In the records below, find the line containing "유엔 안전보장이사회(안보리)가 13일" and the line containing "This vintage Tom". Give again exactly those lines and every line between them, omitting the pictures.

PROVIDED RECORDS -
[Start of section]

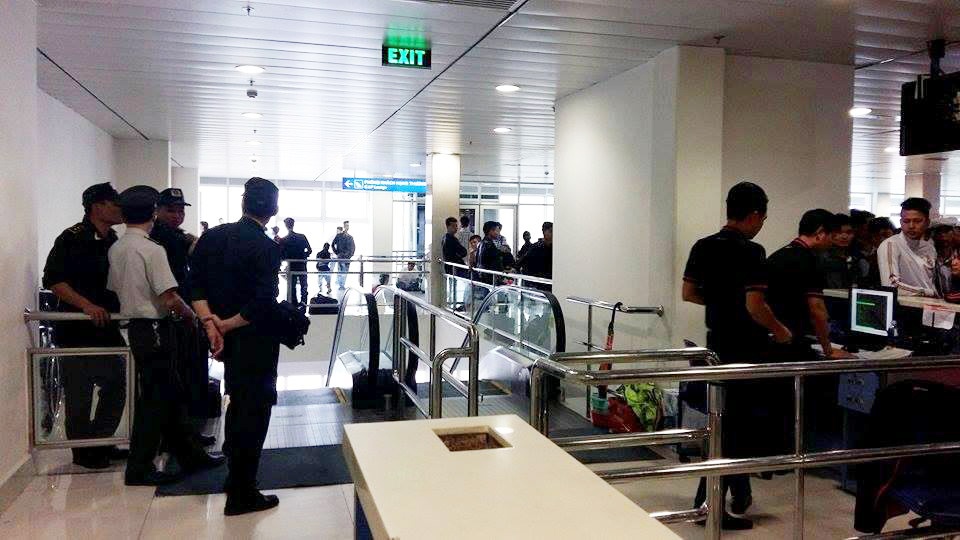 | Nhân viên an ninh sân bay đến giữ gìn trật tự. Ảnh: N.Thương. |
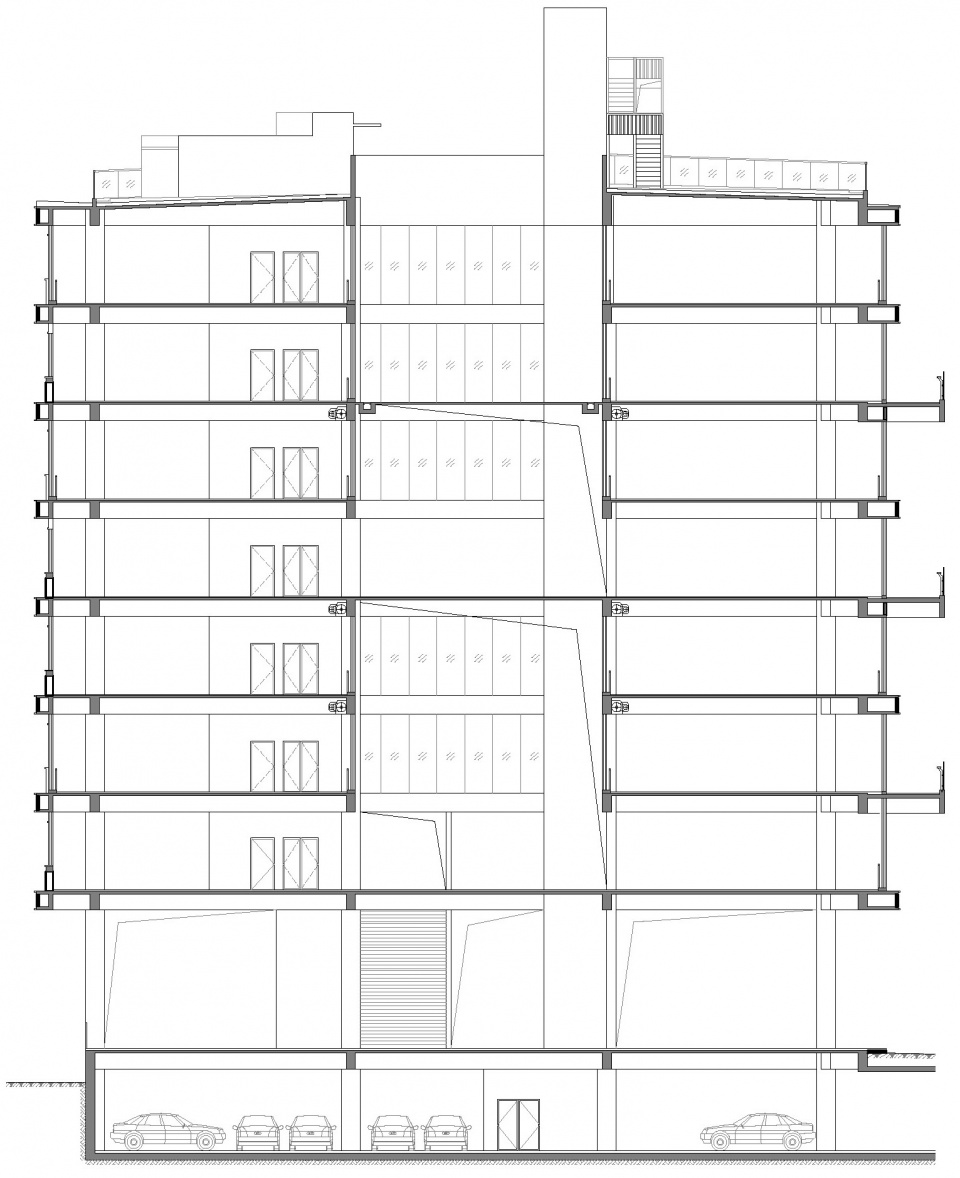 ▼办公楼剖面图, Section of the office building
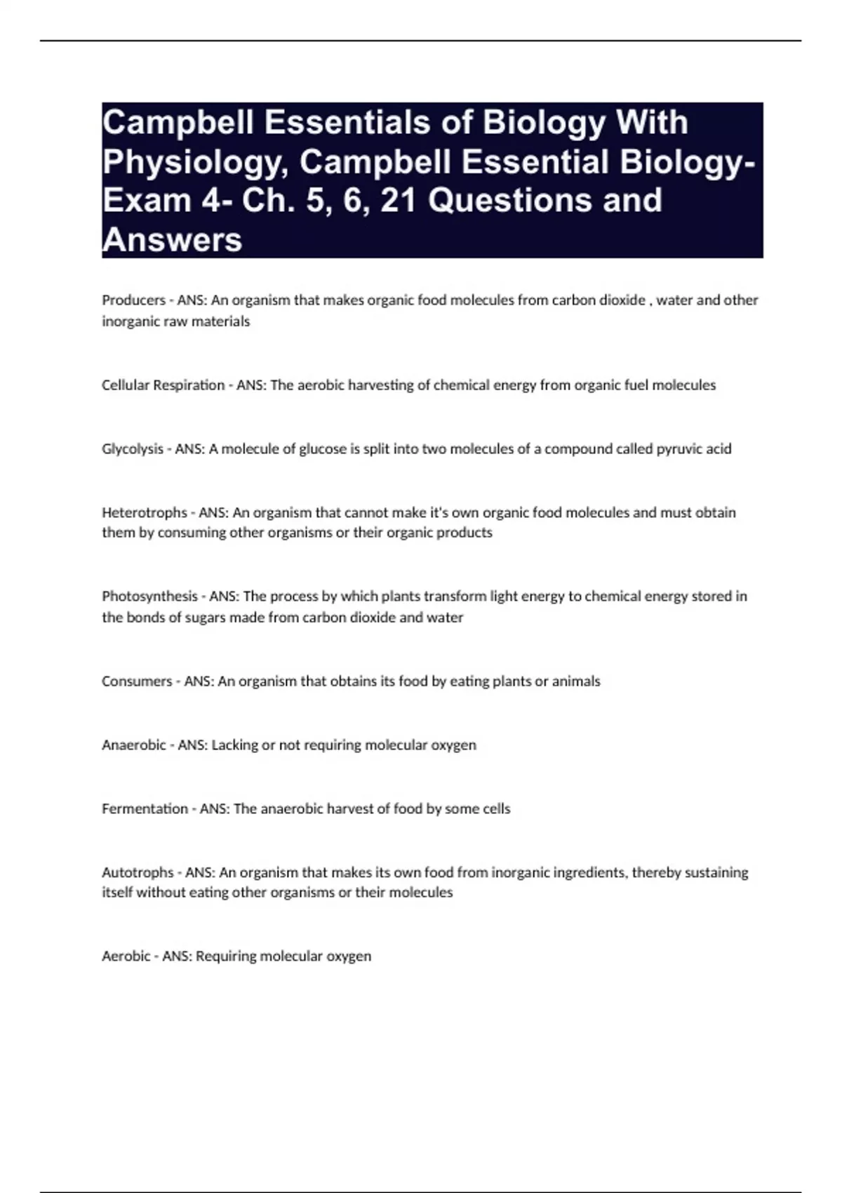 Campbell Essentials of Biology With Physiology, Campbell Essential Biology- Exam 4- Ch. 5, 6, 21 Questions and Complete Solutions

[End of section]
[Start of section]

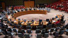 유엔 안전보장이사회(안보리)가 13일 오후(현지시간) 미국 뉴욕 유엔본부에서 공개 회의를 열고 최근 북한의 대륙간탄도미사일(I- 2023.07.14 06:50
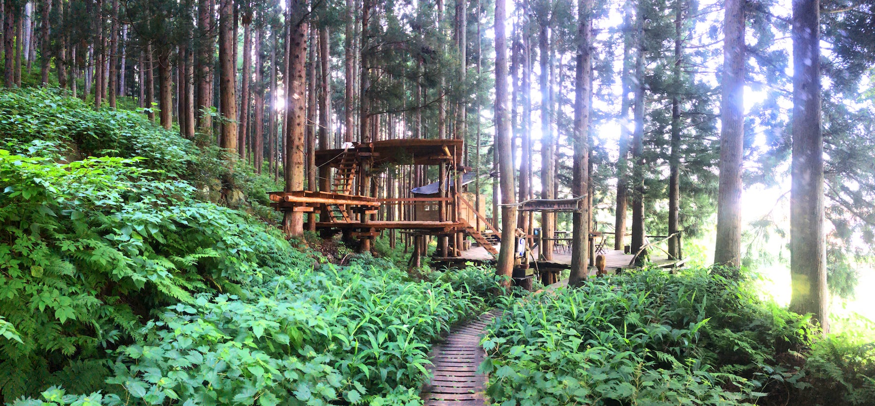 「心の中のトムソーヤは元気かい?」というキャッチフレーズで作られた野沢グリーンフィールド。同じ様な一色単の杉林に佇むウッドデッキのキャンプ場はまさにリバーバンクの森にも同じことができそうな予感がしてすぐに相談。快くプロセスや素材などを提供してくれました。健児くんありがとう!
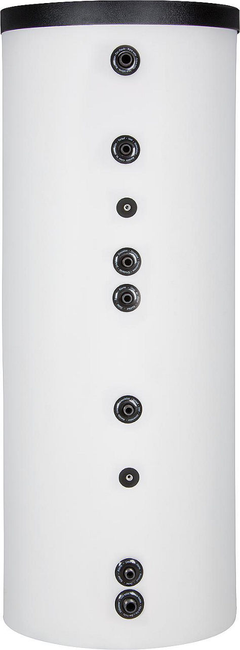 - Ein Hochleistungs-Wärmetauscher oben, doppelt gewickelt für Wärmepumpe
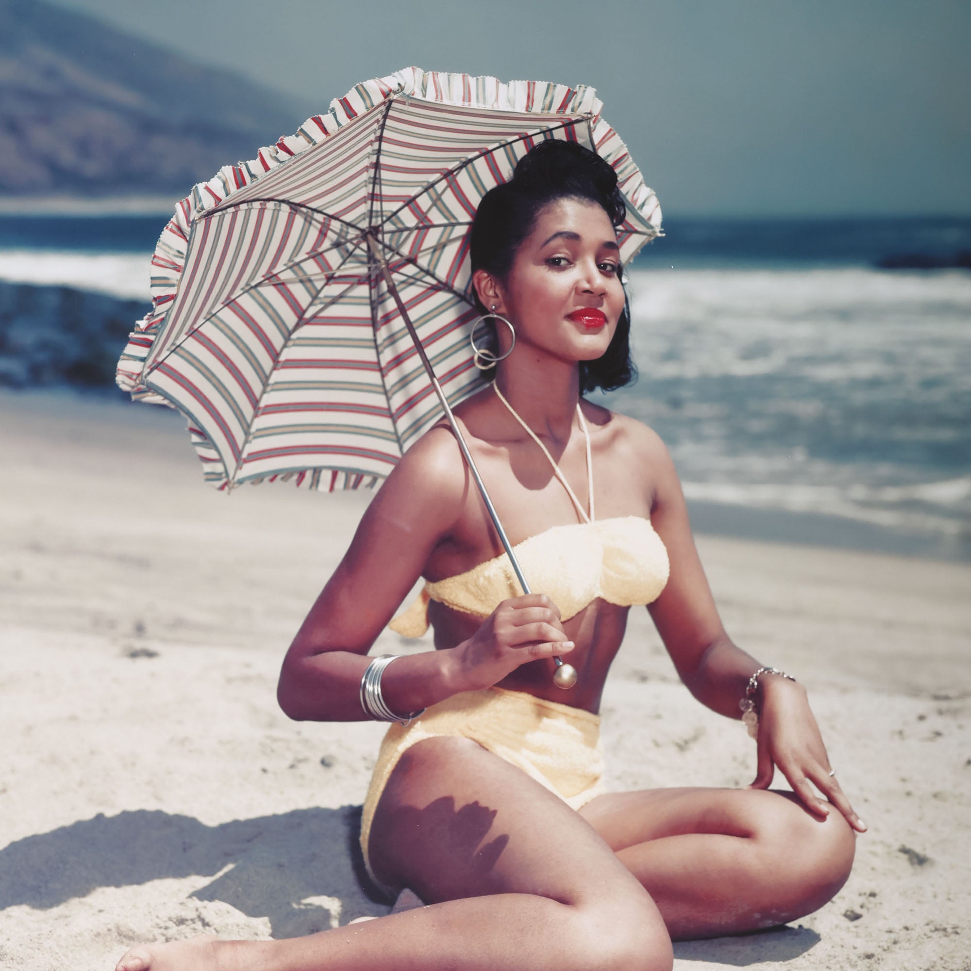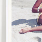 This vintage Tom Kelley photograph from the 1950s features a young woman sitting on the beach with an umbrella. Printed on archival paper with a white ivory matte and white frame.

[End of section]
[Start of section]

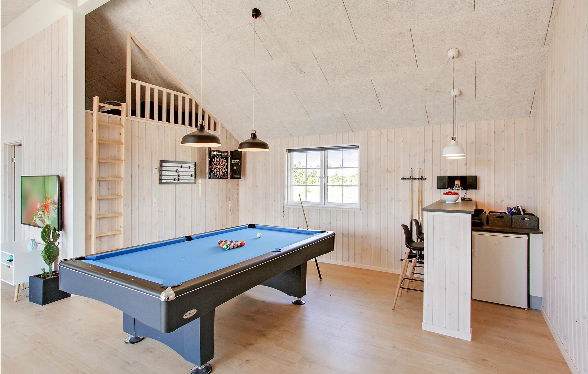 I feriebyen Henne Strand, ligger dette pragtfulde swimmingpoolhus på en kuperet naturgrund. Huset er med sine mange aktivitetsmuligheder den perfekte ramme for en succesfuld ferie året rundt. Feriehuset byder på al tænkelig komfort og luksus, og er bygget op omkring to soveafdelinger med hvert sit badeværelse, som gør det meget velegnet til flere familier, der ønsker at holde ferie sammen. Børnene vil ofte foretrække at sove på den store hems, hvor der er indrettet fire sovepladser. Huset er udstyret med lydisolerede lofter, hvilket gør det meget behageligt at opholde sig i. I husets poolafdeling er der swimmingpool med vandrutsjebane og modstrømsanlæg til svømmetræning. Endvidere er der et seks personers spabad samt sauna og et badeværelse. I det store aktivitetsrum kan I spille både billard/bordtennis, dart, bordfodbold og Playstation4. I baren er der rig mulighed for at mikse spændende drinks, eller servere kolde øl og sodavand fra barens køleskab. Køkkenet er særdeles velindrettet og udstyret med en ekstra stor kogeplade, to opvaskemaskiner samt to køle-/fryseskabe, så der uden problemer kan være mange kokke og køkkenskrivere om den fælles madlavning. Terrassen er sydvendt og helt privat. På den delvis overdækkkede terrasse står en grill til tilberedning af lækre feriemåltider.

[End of section]

SOLUTION BELOW -
 유엔 안전보장이사회(안보리)가 13일 오후(현지시간) 미국 뉴욕 유엔본부에서 공개 회의를 열고 최근 북한의 대륙간탄도미사일(I- 2023.07.14 06:50
 「心の中のトムソーヤは元気かい?」というキャッチフレーズで作られた野沢グリーンフィールド。同じ様な一色単の杉林に佇むウッドデッキのキャンプ場はまさにリバーバンクの森にも同じことができそうな予感がしてすぐに相談。快くプロセスや素材などを提供してくれました。健児くんありがとう!
 - Ein Hochleistungs-Wärmetauscher oben, doppelt gewickelt für Wärmepumpe
 This vintage Tom Kelley photograph from the 1950s features a young woman sitting on the beach with an umbrella. Printed on archival paper with a white ivory matte and white frame.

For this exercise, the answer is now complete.